К тому времени, когда я встретил Изабель, у меня было около шести миллионов евро. Бальзаковский герой на этом этапе покупает роскошные апартаменты, набивает их произведениями искусства и разоряется из-за танцовщицы. Я обитал в обычной трехкомнатной квартире в Четырнадцатом округе и ни разу не переспал с топ-моделью – у меня даже не возникало такого желания. Однажды я для порядка совокупился с какой-то средней руки манекенщицей, но эта интермедия не оставила во мне неизгладимого воспоминания. Девица была неплохая, с довольно большими грудями, но в общем ничего особенного. Если уж на то пошло, она была более дутой фигурой, чем я.
Беседа состоялась в моей гримерке, после спектакля, который смело можно было назвать триумфальным. Изабель была главным редактором «Лолиты», а до того долго работала в журнале «Двадцать лет». Сначала я не горел желанием давать интервью, но, полистав журнал, все-таки поразился, до какой немыслимой похабени дошли издания для девушек. Тут было все – топики для десятилетних, обтягивающие белые шорты, откровеннейшие стринги, руководство по употреблению чупа-чупсов… «Да, но они так необычно позиционированы… – уговаривала меня пиарщица. – К тому же к вам едет сама главный редактор. По-моему, это показатель…» Наверное, не все верят, что при виде женщины вас может как громом поразить; вряд ли стоит понимать это выражение слишком буквально, однако факт остается фактом: взаимное притяжение всегда возникает очень быстро: с первых минут знакомства я уже знал, что у нас с Изабель будет связь, причем долгая, и знал, что она тоже это понимает. Задав для затравки пару вопросов – волнуюсь ли я перед выходом на сцену, как я готовлюсь и т. п., – она замолчала. Я снова пролистал журнал.
– Это не совсем лолиты… – произнёс я наконец. – Им всем лет по шестнадцать-семнадцать.
– Да, – согласилась она. – Набоков промахнулся на пять лет. Большинству мужчин нравится период не перед пубертатом, а сразу после. Вообще-то он не самый лучший писатель…
Я сам всегда терпеть не мог этого посредственного манерного псевдопоэта, неуклюже подражавшего Джойсу, но лишенного даже того напора, который у полоумного ирландца иногда позволяет продраться через словесные завалы.
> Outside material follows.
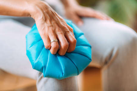 Knee pain treatment. Woman holding an ice bag pack on her painful knee

Набоковский стиль напоминал мне непропеченное слоеное тесто.
– В этом-то все и дело, – продолжала она, – ведь если книга так скверно написана, к тому же изуродована грубой ошибкой относительно возраста героини, и тем не менее это очень хорошая книга, настолько хорошая, что превратилась в устойчивый миф и даже стала именем нарицательным, значит, автор наткнулся на что-то очень важное.
Если мы и дальше будем во всем соглашаться, интервью выйдет довольно-таки скучное.
– Мы можем поговорить за ужином, – предложила она. – Я знаю один тибетский ресторанчик на улице Аббес.
Естественно, мы переспали в первую же ночь – так всегда и бывает в серьёзных отношениях. Когда пришло время раздеться, она на миг смутилась, а потом взглянула на меня с гордостью: тело у неё было невероятно крепкое и гибкое. О том, что ей тридцать семь, я узнал гораздо позже; в тот момент я бы дал ей от силы тридцать.
– Ты занимаешься какой-то гимнастикой? – спросил я.
– Классическим танцем.
– Не фитнесом, не аэробикой, или что там ещё бывает? – Нет, это все чушь. Уж поверь мне на слово, я десять лет пашу в женских журналах. Единственное, что в самом деле позволяет быть в форме, – это классический танец. Просто это тяжело, нельзя распускаться; но мне подходит, у меня скорее ригидная психика.
– Это у тебя-то?
– Да-да… Сам увидишь.
Сейчас, спустя годы, когда я вспоминаю Изабель, меня поражает невероятная откровенность наших отношений, с самой первой минуты, причем даже в таких вопросах, в каких женщины обычно проявляют скрытность, ошибочно полагая, что элемент тайны делает отношения более эротичными, – хотя большинство мужчин, наоборот, жутко возбуждаются от прямого разговора на сексуальные темы. «Не такое уж трудное дело доставить мужику удовольствие, – кисло сказала она во время первого нашего ужина в тибетском ресторане. – По крайней мере, у меня это всегда получалось». Она говорила правду. Она говорила правду и тогда, когда утверждала, что ничего удивительного или невероятного в этом секрете нет. «Просто надо помнить, – продолжала она со вздохом, – что у мужчин есть яички. Что у мужчин есть член, это все женщины знают, даже слишком хорошо знают: с тех пор как мужчину низвели до статуса сексуального объекта, женщины просто одержимы его членом; но когда они занимаются любовью, то в девяноста случаях из ста забывают, что мошонка является эрогенной зоной. И при мастурбации, и при совокуплении, и при минете нужно время от времени класть руку на мошонку мужчины – либо погладить, поласкать, либо сжать посильнее, тогда понимаешь, затвердели яички или нет. Вот и все дела».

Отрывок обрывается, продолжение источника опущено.